The organisation, the Nineveh Plains Protection Units, has more than 3,000 troops serving or awaiting training, and has the backing of the Iraqi Government and the Kurdish Peshmerga.
The force has 500 Assyrian Christian troops stationed in towns such as Alqosh in the Nineveh Plains to defend them from ISIS, with a further 500 being trained and another 3,000 men registered and awaiting training. Their aim is to take back the rest of the Nineveh Plains, a traditionally Christian part of Iraq, which was overrun by ISIS last summer. More than 100,000 Christians are currently displaced in the nearby Kurdish-controlled region of northern Iraq, along with a large number of Yazidis.
The Assyrian forces are allied to the Iraqi Army and Kurds but do not take orders from either, and their aim is to establish an administrate area for the Assyrians and Yazidis, as well as other minorities such as Shabaks and Mandeans.
The group are funded by members of the Assyrian diaspora, which is mainly concentrated in the United States, Australia and Sweden, and they are being trained by an American security company.

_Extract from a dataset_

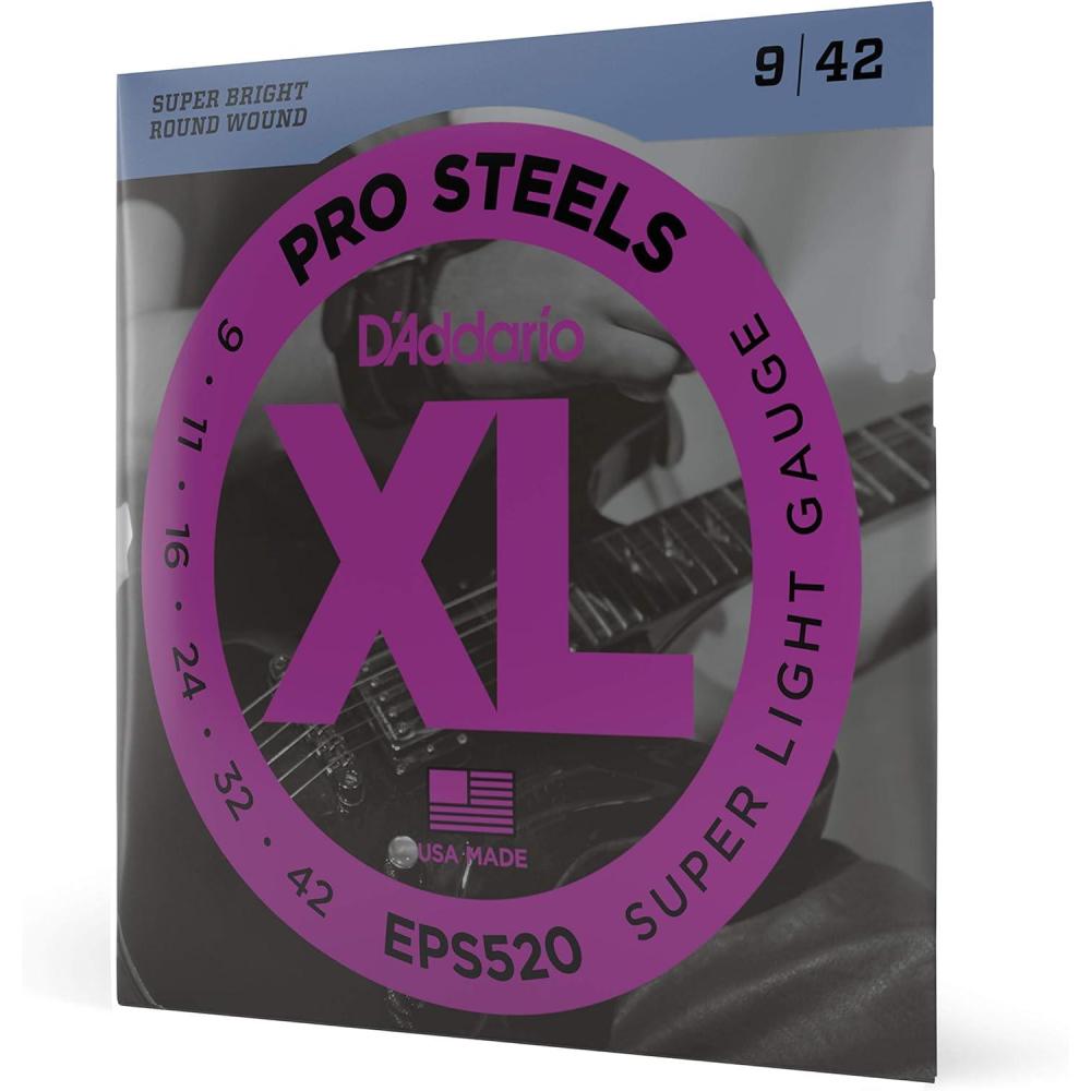 D'Addario XL ProSteels utilize a highly magnetic, corrosion-resistant steel alloy that delivers super-bright tone without shrill overtones. They offer a palette of harmonically rich, brilliantly penetrating highs combined with pronounced, tight-and-tough lows. If you're looking for more crunch, bite, and sustain, ProSteels are the choice for you.

However they are short of funds.
There are around 5,000 people of Assyrian descent in Britain, many of whom were given citizenship on account of their fathers and grandfathers’ service in the Assyrian Levies, who fought alongside the British in the First and Second World War.
British-Assyrians are currently awaiting a response from the Foreign Office on whether it is legal or not to financially support the group.
John Michael, a British-Assyrian, said: “This is our last stand, if this fails then Christianity will be finished in Iraq.”